Every record should be copied exactly, except that pictures are to be omitted.
──────── Data for processing
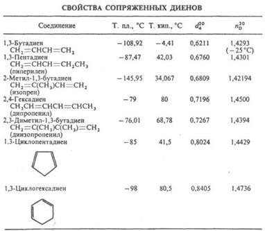 и др. Обычно под термином диеновые подразумевают соединения с сопряжёнными двойными связями. В таких соединениях имеет место сопряжение p-связей и образование единого p-электронного облака, что обусловливает повышение энергии образования молекулы, некоторое усреднение расстояний между атомами углерода диеновой системы, высокую поляризуемость молекулы и способность её вступать, наряду с обычными реакциями присоединения по двойным связям (1,2-присоединение), в реакции присоединения по концам сопряжённой системы (1,4-присоединение). Так, бутадиен-1,3 присоединяет молекулу брома с образованием 3,4-дибромбутена-1 и 1,4-дибромбутена-2:
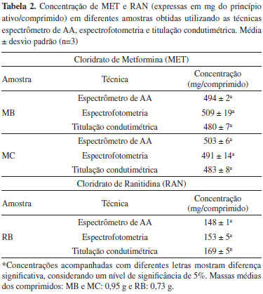 Verificação da exatidão e precisão A verificação da exatidão das determinações de MET e RAN com o espectrômetro de AA foi avaliada por meio da comparação dos resultados obtidos por espectrofotometria e titulação condutimétrica, utilizando nitrato de prata como titulante. Na Tabela 2 estão apresentados os resultados obtidos para as determinações de MET e RAN em amostras de medicamentos, utilizando as diferentes técnicas analíticas.
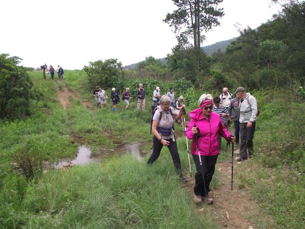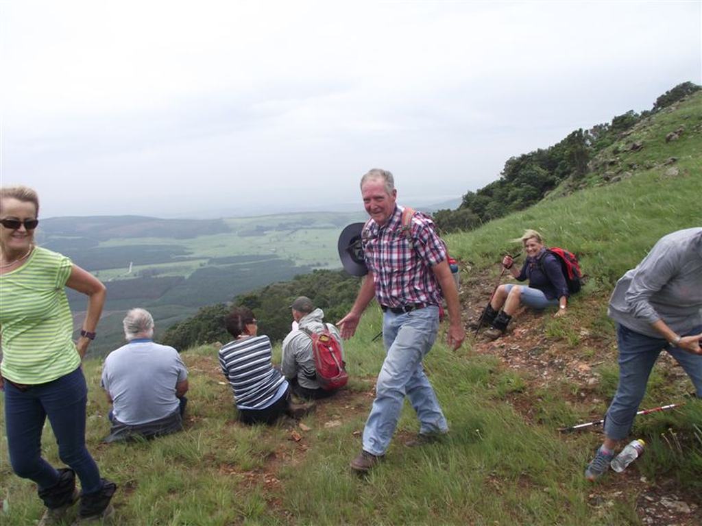 Next at 10h00 our morning hike started (for those members able and wanting to) towards the top of Mares Tail Falls in a howling wind (it was actually intended to be to the bottom of the falls but progress was quick with Carolee an uphill charge).Some members returned without getting to the bottom or top of the falls as the thought of a delicious braai was more tempting.Carolee's group carried on relentless towards the top of the falls and after about 4 km of "uphill" and heavy breathing we came out of the forest to a howling gale in which it was even difficult to stand up.
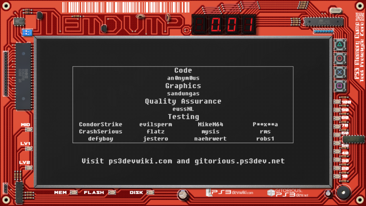 Il developer an0nym0us, ha rilasciato un nuovo tool, memdump v0.01.Questo tool permette di effettuare i seguenti dump dalla stessa interfaccia avviata tramite XMB: Lv1, Lv2, NAND/NOR Flash, e la eEIDB. Purtroppo lavora solo su console con firmware non superiore al 3.55, ma puņ aiutare chi č alla ricerca di una migliore conoscenza dei meccanismi di funzionamento della Ps3.
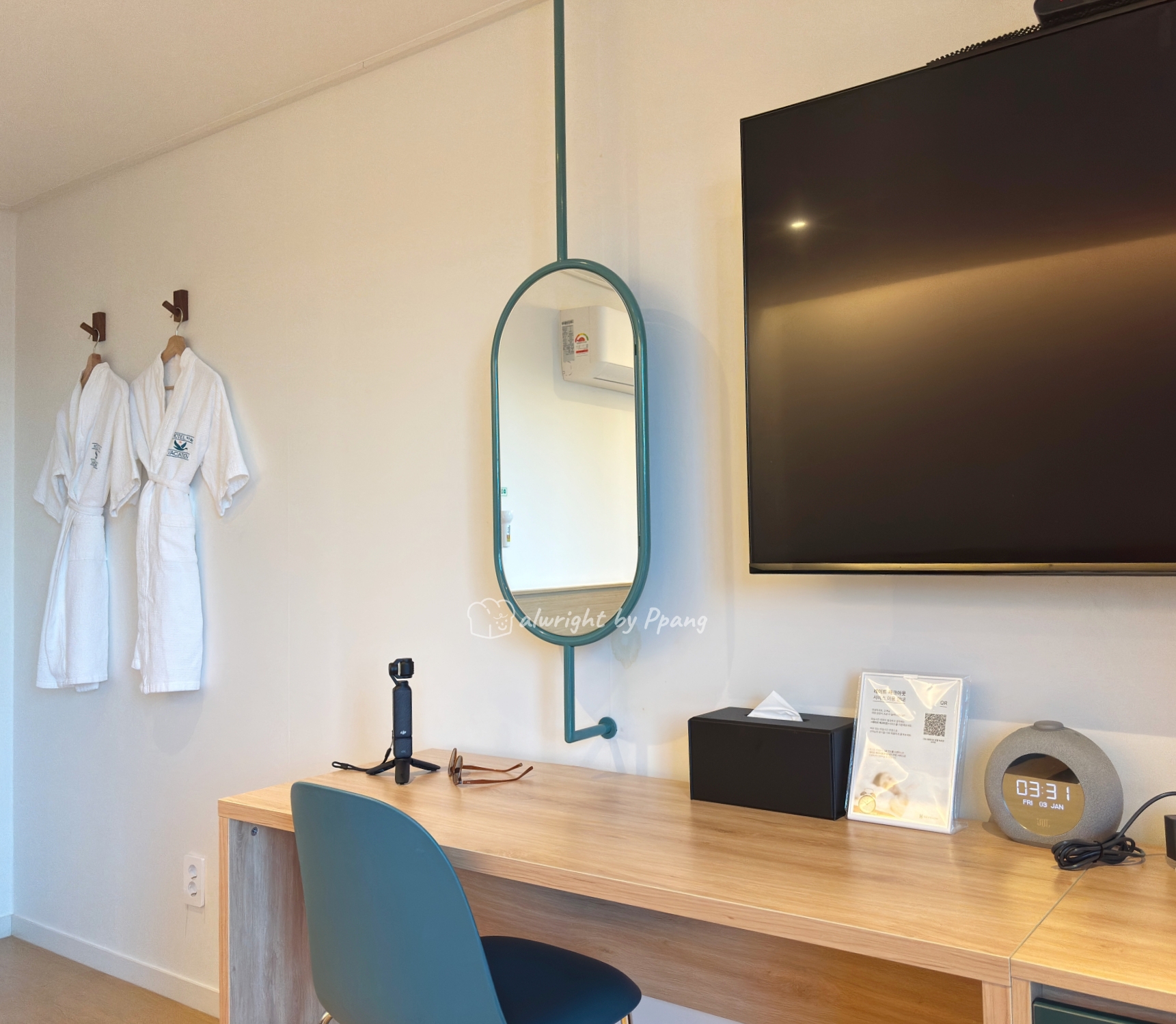 전면에는 TV가 있고 사이즈가 커서 좋다. 블루투스 스피커도 준비되어 있다. 거울도 잘 골랐고 크지 않아 좋다.
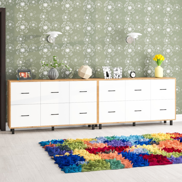 Каждый комод-тумба оборудован шестью одинаковыми выдвижными ящиками, расположенными в два ряда (по три сверху и три снизу). Размер фасадов ящиков – 365х486 мм, ящики снабжены шариковыми направляющими длиной 350 мм, которые обеспечивают мягкое и надежное открывание. Комоды установлены на десять металлических опор черного цвета высотой 100 мм, придающих конструкции устойчивость и легкость. Металлические ручки длиной 128 мм в минималистичном стиле добавляют комодам изысканности и практичности.
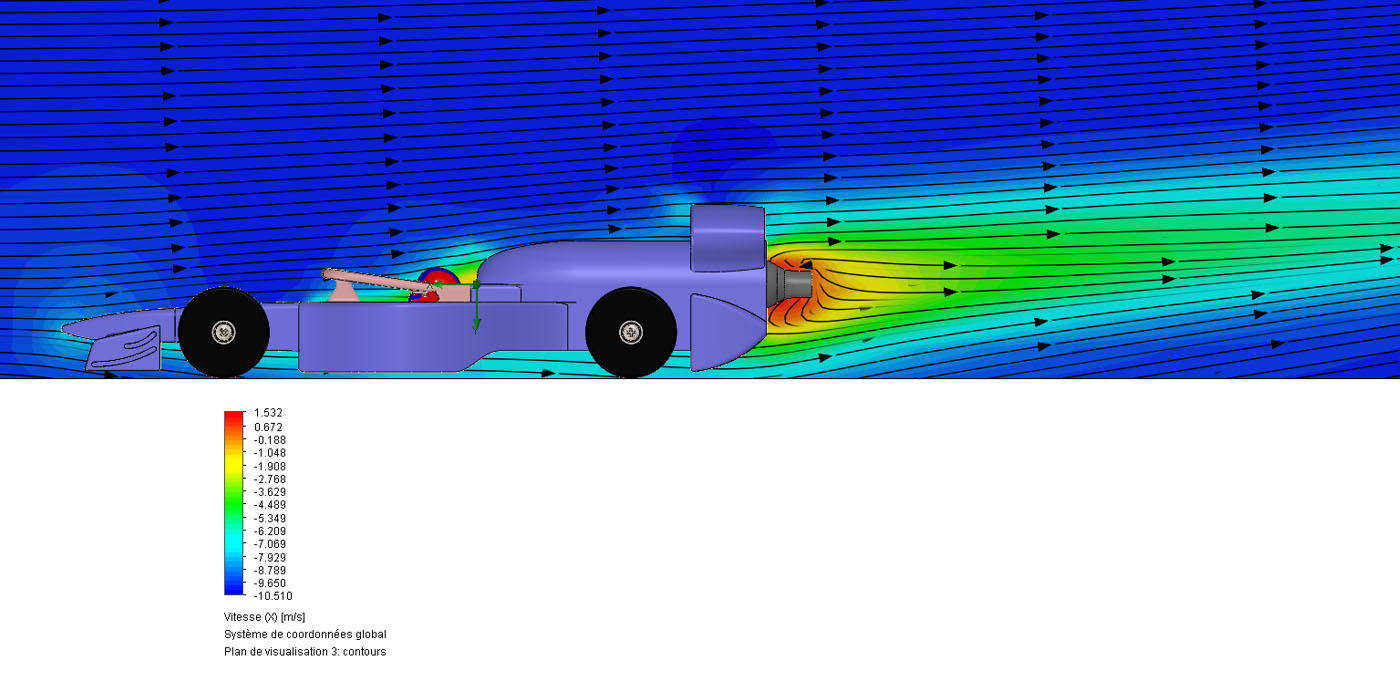 Les lignes de courant sont les courbes de l'espace décrivant le mouvement de l’air autour de la voiture.
────────────────
Reply to the exercise:
 и др. Обычно под термином диеновые подразумевают соединения с сопряжёнными двойными связями. В таких соединениях имеет место сопряжение p-связей и образование единого p-электронного облака, что обусловливает повышение энергии образования молекулы, некоторое усреднение расстояний между атомами углерода диеновой системы, высокую поляризуемость молекулы и способность её вступать, наряду с обычными реакциями присоединения по двойным связям (1,2-присоединение), в реакции присоединения по концам сопряжённой системы (1,4-присоединение). Так, бутадиен-1,3 присоединяет молекулу брома с образованием 3,4-дибромбутена-1 и 1,4-дибромбутена-2:
 Verificação da exatidão e precisão A verificação da exatidão das determinações de MET e RAN com o espectrômetro de AA foi avaliada por meio da comparação dos resultados obtidos por espectrofotometria e titulação condutimétrica, utilizando nitrato de prata como titulante. Na Tabela 2 estão apresentados os resultados obtidos para as determinações de MET e RAN em amostras de medicamentos, utilizando as diferentes técnicas analíticas.
 Next at 10h00 our morning hike started (for those members able and wanting to) towards the top of Mares Tail Falls in a howling wind (it was actually intended to be to the bottom of the falls but progress was quick with Carolee an uphill charge).Some members returned without getting to the bottom or top of the falls as the thought of a delicious braai was more tempting.Carolee's group carried on relentless towards the top of the falls and after about 4 km of "uphill" and heavy breathing we came out of the forest to a howling gale in which it was even difficult to stand up.
 Il developer an0nym0us, ha rilasciato un nuovo tool, memdump v0.01.Questo tool permette di effettuare i seguenti dump dalla stessa interfaccia avviata tramite XMB: Lv1, Lv2, NAND/NOR Flash, e la eEIDB. Purtroppo lavora solo su console con firmware non superiore al 3.55, ma puņ aiutare chi č alla ricerca di una migliore conoscenza dei meccanismi di funzionamento della Ps3.
 전면에는 TV가 있고 사이즈가 커서 좋다. 블루투스 스피커도 준비되어 있다. 거울도 잘 골랐고 크지 않아 좋다.
 Каждый комод-тумба оборудован шестью одинаковыми выдвижными ящиками, расположенными в два ряда (по три сверху и три снизу). Размер фасадов ящиков – 365х486 мм, ящики снабжены шариковыми направляющими длиной 350 мм, которые обеспечивают мягкое и надежное открывание. Комоды установлены на десять металлических опор черного цвета высотой 100 мм, придающих конструкции устойчивость и легкость. Металлические ручки длиной 128 мм в минималистичном стиле добавляют комодам изысканности и практичности.
 Les lignes de courant sont les courbes de l'espace décrivant le mouvement de l’air autour de la voiture.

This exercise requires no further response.